Compared to previous classification-based polyp detectors, the ResYOLO architecture used in RYCO avoids generating ROIs by additional region proposal methods and predicts polyp locations directly on the whole image. The proposed RYCO has less frame latency than the 3D CNN model. RYCO incorporated temporal information in two aspects: 1) ECO utilized the features learned from L previous frames to make decision at the current frame; and 2) when integrating ResYOLO with ECO, the confidence scores of the predicted boxes of the current frame were averaged over the current frame and M-1 previous frames to arrive at the final prediction confidence score. We did not directly embed the temporal information in the ResYOLO detector because a 3D CNN model is very time consuming and inapplicable for real-time polyp detection, as shown in [26]. The results in Table 2 showed that our proposed method had similar, if not better, performance than a complex 3D CNN model that was jointly trained for spatial and temporal information. Moreover, RYCO can be run at a speed of 6.5 fps which is about 7 times faster than the complex 3D CNN model (0.8 fps) under similar hardware setup.

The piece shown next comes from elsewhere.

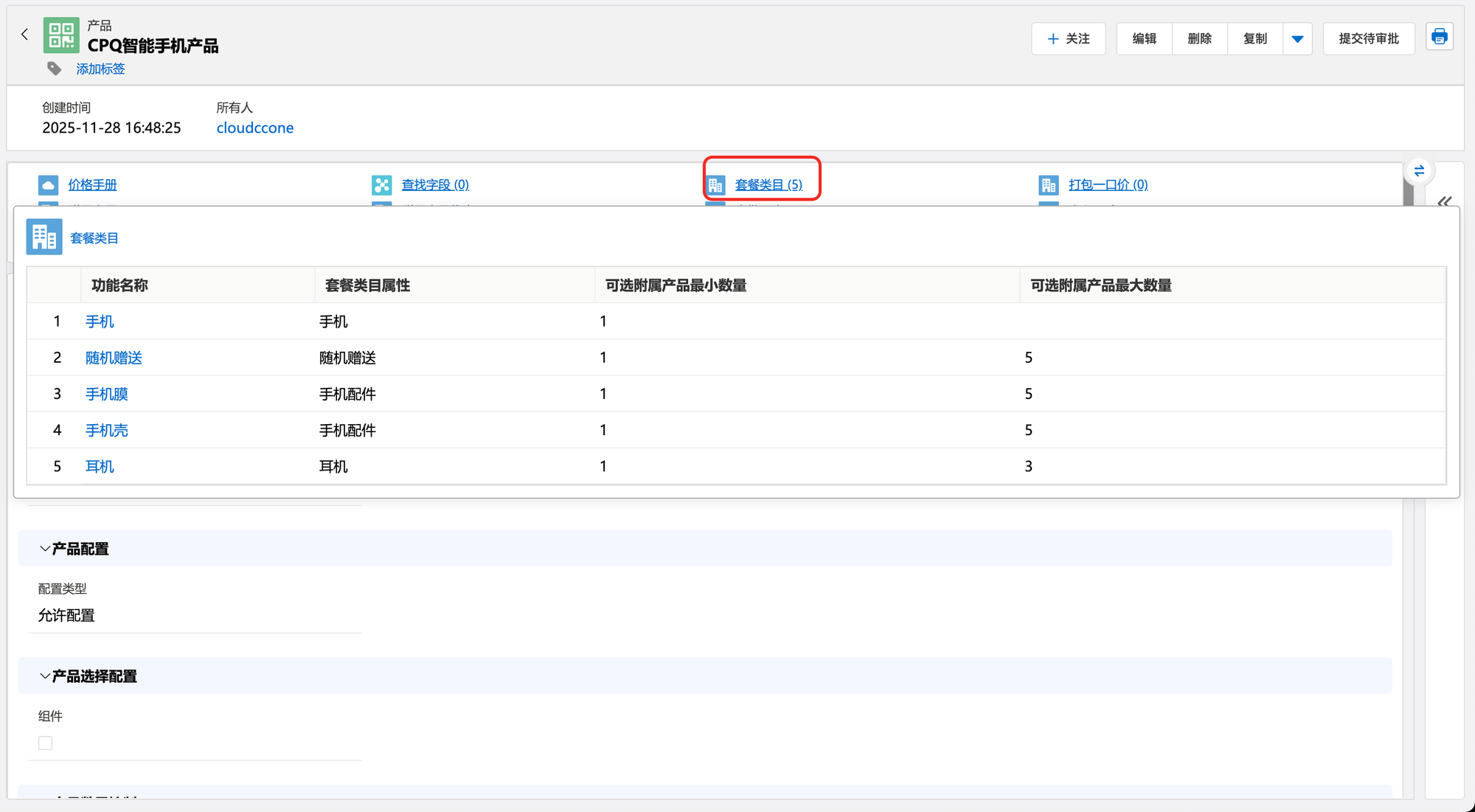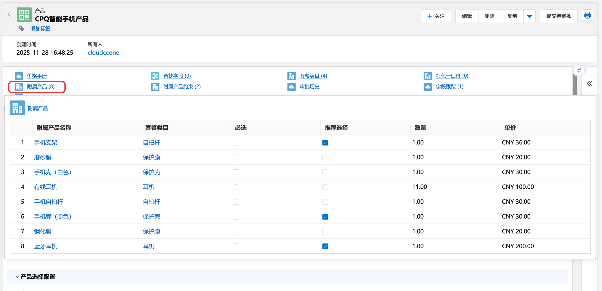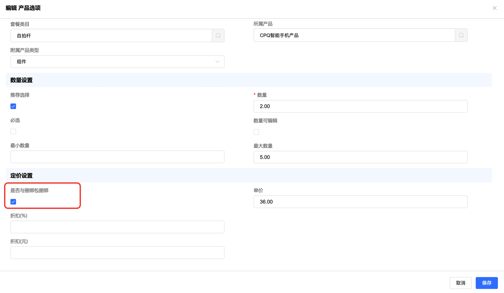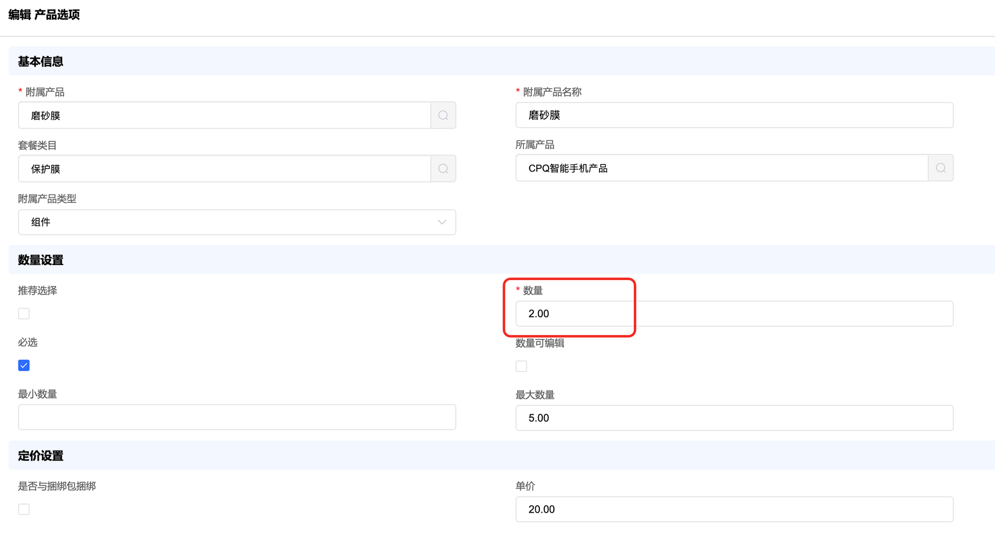 • 必须配置:在报价时,若选择添加该产品至报价单,则必须跳转到配置产品页面,配置该捆绑包下的子产品及其数量。

As illustrated in Table 5, incorporating the residual learning modules in the proposed design contributes mainly to the improvement in accuracy, comparing to the baseline model YOLOo. Augmentation by additive Gaussian smoothing and random contrast and brightness does not have significant improvement in F1 score; however, it helps reduce FP from 809 to 692. By introducing a negative class for spatial feature learning, the model was able to better discriminate suspicious images and thereby raising the F1 score by 3.2% when compared to training the model with polyp images only. Compared to YOLOo, ResYOLO and RYCO have improved by 15.4 and 19.2% in terms of F1 score, respectively.

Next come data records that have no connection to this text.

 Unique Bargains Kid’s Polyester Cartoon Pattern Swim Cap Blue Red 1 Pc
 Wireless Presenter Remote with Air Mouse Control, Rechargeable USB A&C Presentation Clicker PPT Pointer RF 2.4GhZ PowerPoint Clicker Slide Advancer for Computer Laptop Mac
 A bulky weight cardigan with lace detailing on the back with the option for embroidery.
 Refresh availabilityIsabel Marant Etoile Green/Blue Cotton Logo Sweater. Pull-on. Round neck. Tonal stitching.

The inclusion of the confidence score Conf from the bounding box detected in the previous frame was based on the assumption that two consecutive frames do not possess sudden changes. If a polyp was detected in previous frames, it is highly likely to appear in the next frame. If at frame t – 1, another two unexpected false positives occurred, RYCO may not be able to remove these two false positives in next frame t; however, there is a high possibility that RYCO can remove these false positives in the subsequence frame, t + 1. The performance of RYCO can be further tuned by the parameter M to arrive at a different score Conf′. As illustrated in Fig. 4, a relatively high M can help the model to correctly locate polyps in more images, but at an expense of increasing false positives.

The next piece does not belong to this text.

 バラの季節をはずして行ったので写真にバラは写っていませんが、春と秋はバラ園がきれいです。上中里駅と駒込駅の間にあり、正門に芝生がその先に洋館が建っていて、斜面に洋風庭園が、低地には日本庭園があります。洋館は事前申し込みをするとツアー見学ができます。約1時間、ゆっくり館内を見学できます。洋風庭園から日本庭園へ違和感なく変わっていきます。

ECO tracker achieved a good performance on videos with only polyp images, i.e. it performs well when a polyp was correctly located in the 1st frame. Nevertheless, using only the ECO tracker performs poorly when the polyps to be tracked were occluded or moved out of sight due to large endoscope or bowel movements, as shown in Fig. 5. On the other hand, if relying only on ResYOLO detector, some polyps can be miss-detected due to unexpected artefacts or jittering even when the polyp in previous frame was correctly detected, as shown in Fig. 6. Therefore, the proposed RYCO combines ResYOLO and ECO in the pipeline in order to achieve a high precision while maintaining a reasonable recall rate.

Fig. 5.

Fig. 5.

Typical prediction differences between ECO and RYCO. Images were selected from AsuMayoDB with labeled ground truth (red boxes) as well as prediction by ECO and RYCO (green boxes): column (a) 110th frame, column (b) 125th frame and column (c) 350th frame of testing video 11. (For interpretation of the references to color in this figure legend, the reader is referred to the web version of this article.)

Fig. 6.

Fig. 6.

Typical prediction differences between ResYOLO and RYCO. Images were selected from AsuMayoDB with labeled ground truth (red boxes) as well as prediction by ResYOLO and RYCO (green boxes): column (a) 115th frame, column (b) 116th frame, column (c) 117th and column (d) 118th frame of testing video 13. (For interpretation of the references to color in this figure legend, the reader is referred to the web version of this article.)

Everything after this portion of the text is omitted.